ROCPred <- prediction(xgb.test.speed, test$isFraud) 
ROCPer <- performance(ROCPred, measure = "tpr", 
                      x.measure = "fpr")

auc <- performance(ROCPred, measure = "auc")
auc <- auc@y.values[[1]]
auc

## [1] 0.7478539

# Plotting curve
plot(ROCPer)

plot(ROCPer, colorize = TRUE, 
     print.cutoffs.at = seq(0.1, by = 0.1), 
     main = "ROC CURVE XGBOOST")
abline(a = 0, b = 1)

auc <- round(auc, 4)
legend(.6, .4, auc, title = "AUC", cex = 1)

We can see that XGBoost Classifier gave way better results than the baselines models:

We did it! The accuracy jumped from 65% to 75% with a clear balance between Precision and Recalls. The reason this accuracy is great for our given use case is that the inherent problem is hard and the attributes in the data set are not any synthetic data prepared for a competition.

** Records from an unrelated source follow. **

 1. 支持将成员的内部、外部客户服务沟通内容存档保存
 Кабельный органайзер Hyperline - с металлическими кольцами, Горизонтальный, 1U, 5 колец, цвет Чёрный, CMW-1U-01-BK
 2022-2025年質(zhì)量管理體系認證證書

As in the real-world scenarios, lots of domain knowledge is incorporated and then the model is put into the production and is continuously monitored. But what it clearly says is, that it is nearly impossible to predict frauds in the current existing algorithms to be 90%. But if we are able to predict up to 75%, that means we can highlight the transactions and can clearly take relevant actions immediately to mitigate the fraud rates, which will inherently keep on enhancing our labeled data and maturing the model which may lead to 80% in accuracy, but the 90% accuracy is still a dream in the fraud system world.

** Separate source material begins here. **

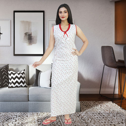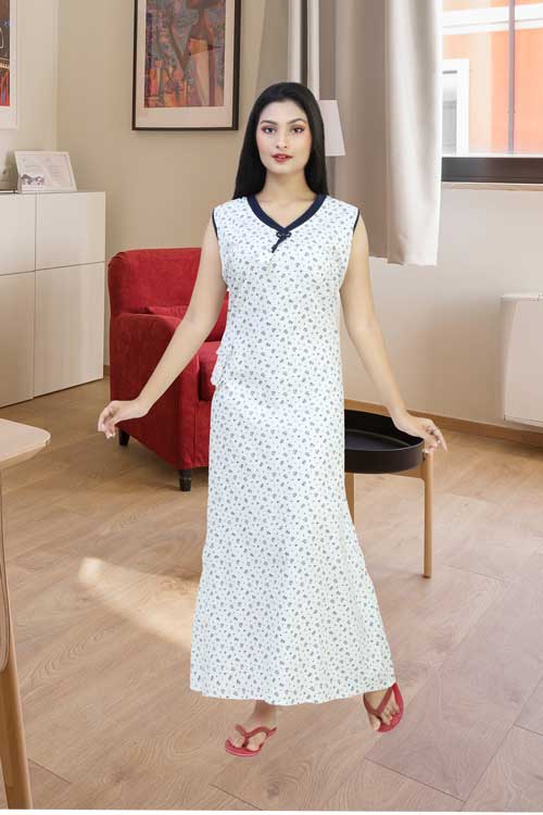 - SIMPLE ELEGANT PRETTY DESIGNS IN VIBRANT COLOURS Our sleeveless cotton nighty for women has been designed in simple, petty designs in vibrant floral designs and colours.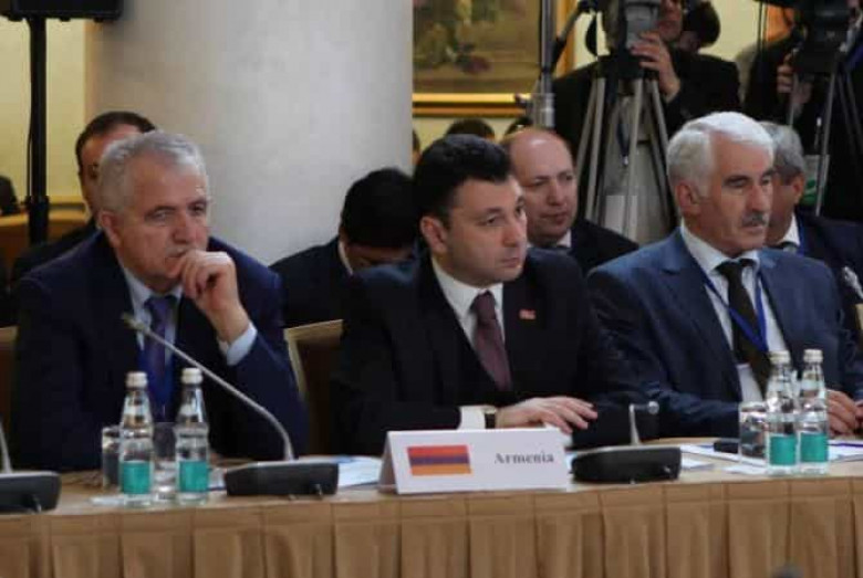 ՄԻՋԱԶԳԱՅԻՆԱշխատանքային այցով Ռուսաստանի Դաշնությունում գտնվող ՀՀ ԱԺ փոխնախագահ Էդուարդ Շարմազանովն ապրիլի 19-ին Մոսկվայում մասնակցել է «Միջխորհրդարանական համագործակցությունն ի շահ 21-րդ դարում Եվրասիական տարածաշրջանի երկրների համատեղ բարեկեցության» խորագիրը կրող Եվրասիայի երկրների խորհրդարանների ղեկավարների առաջին համաժողովին: Ինչպես «Արմենպրես»-ին տեղեկացրին ՀՀ ԱԺ փոխնախագահ Էդուարդ Շարմազանովի աշխատակազմից, ԱԺ փոխնախագահը հանդես է եկել ելույթով՝ մասնավորապես նշելով.

It can clearly be seen that XGBoost Trees outperformed all the other classifiers

Unsupervised Technique: Principle Component Analysis

There’s a few pretty good reasons to use PCA that how one would plot multi-dimensional data by using PCA into 2 dimensions, we actually capture 55% variance with 4 PCAs and 27% with 2 PCAs (Dim1 13.9% + Dim2 13.1%). It is pretty good when taking into consideration that the original data consisted of 29 features which would be impossible to plot in any meaningful way.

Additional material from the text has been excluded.